日劇「四重奏」觀後感
前言:
這個標題,首先令人聯想到當今世界最知名的小提琴家Joshua Bell 2011年在紐約地鐵裡演奏,卻無人駐足聆聽「這個在波士頓的歌劇院門票要價上百美元的音樂盛會」的軼事。
以上從網路抄錄,像寫功課一樣的讓我感覺好笑(寫論文時,在介紹劇作家之時,也需要抄錄一些豐功偉業介紹登場,讓我這評論家順便沾點光)。這個用狹隘的階級眼光去看待音樂的角度本身就令人發噱。這些詞彙「波士頓」、「歌劇院」、「要價上百美元」、「音樂盛會」就像某某董、某某爺那些頭銜,仿佛全身金光閃閃的員外!

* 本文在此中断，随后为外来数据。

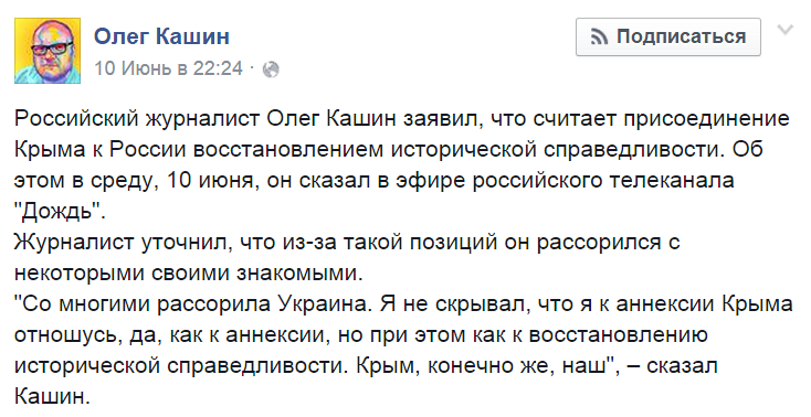 Кашин: Я не скрывал, что я к аннексии Крыма отношусь, да, как к аннексии, но при этом как к восстановлению исторической справедливости. Крым, конечно же, наш. Он отметил, что его поколение «все эти годы» мечтало о присоединении Крыма к России.

根據網文,「對小提琴手最感興趣的,是一個三歲的小孩。小孩想停下來,可他媽媽又拉又扯,硬是把他拖走了。小孩一邊走一邊回頭看,戀戀不捨的樣子。」前一陣子,我跟湘從圖書館借來的一本書裡,有以這個孩子為角度寫成的繪本(THE MAN WITH THE VIOLIN 演奏小提琴的人)。繪本強調孩子閒適的目光與大人不同,並且深入地體會那些音符帶給他帶來的靈魂啓迪。

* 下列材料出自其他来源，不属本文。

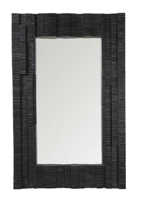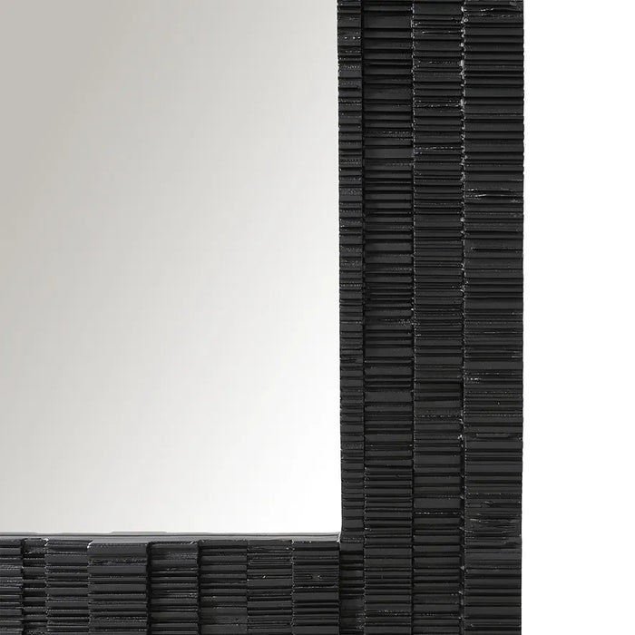 Elevate your space with the Dani Black Rectangle Wall Mirror, featuring a sleek matte black frame. This mirror combines modern elegance with subtle detailing, making it a refined addition to any room. Its clean lines and sophisticated finish enhance your décor while providing a clear, crisp reflection. Perfect for adding depth and style to your walls with understated luxury.

先前,Joshua Bell的故事我已聽聞,回家細看這個繪本就覺得頗無聊。因為故事沒有什麼架構高潮,就是一個孩子沈浸在高低音的描述。而且,還沒有 “琵琶行”「大絃嘈嘈如急雨,小絃切切如私語…水泉冷澀絃凝絕,凝絕不通聲漸歇。」那麼具象。沒想到,湘非常喜歡這個故事,一直要我重複講。原來,就算是文字描繪的心靈盛宴,也只有孩子體驗得到,並認為有價。
網文結語:「人們確實沒有時間停下來聽一聽世界上最優秀的演奏家,用世界上最昂貴的樂器,演奏世界上最優美的旋律!不知道還有多少美好的東西正在從我們身邊溜走!」這結論從初看我就一直覺得…怎麼說呢?有點矯情。「最昂貴」似乎與「最優美」畫上等號。人們是沒時間,還是聽不懂?再者,說人家聽不懂,是人家真心的蠢呢,還是你硬把白雲跟棉花貼上了不同的價錢,然後強迫別人去認知你所謂的「識貨」跟「不識貨」的價值觀呢?(好了,網文下。)
假設藝術是一種性情的陶冶,其本身就沒有國界,沒有階級。以前念博班時,有人要給免費的音樂會票,我婉謝「謝了。太吵了。」我的隨口,令對方錯愕。覺得我不懂欣賞音樂。忙了一天,耳根只想清靜一下。對門外漢而言,細微的藝術造詣根本無法分辨。那都是給圈內人鑑賞用的。盛裝出席音樂會很好,但明明只會彈小星星,卻透過昂貴的門票自以為變得比較高級,就是自欺欺人吧。反過來說,自己演奏樂器,就認為別人的pop music不入流,「聽不懂音樂」;自己學點繪畫,就認為別人沒有審美觀,「分不清美醜」。這些人,往往都帶著強烈的階級意識。
日劇:
回歸話題,「四重奏」可以說是以這個角度為出發點架構起來的劇本。雖說,我覺得這戲劇架構,只是方便這個編劇盛放老手的一些人生體悟跟「金句」的好所在。或說,執行「人生體悟&金句」的懸疑劇情,比起這 motif更加的耀眼。故事是以螞蟻與蟋蟀的故事串聯整場。這四個人生都不完美的人,在孜孜搬動食物的(紐約、東京)地鐵蟻人的眼裡,就是不務正業、等著寒凍餓死的蟋蟀人(呵呵,這樣寫讓我感覺變年輕了!)至少螞蟻不會搬完餅乾碎屑,就買昂貴的門票,盛裝參與演奏會,再回頭來嘲笑蟋蟀的音樂不入流。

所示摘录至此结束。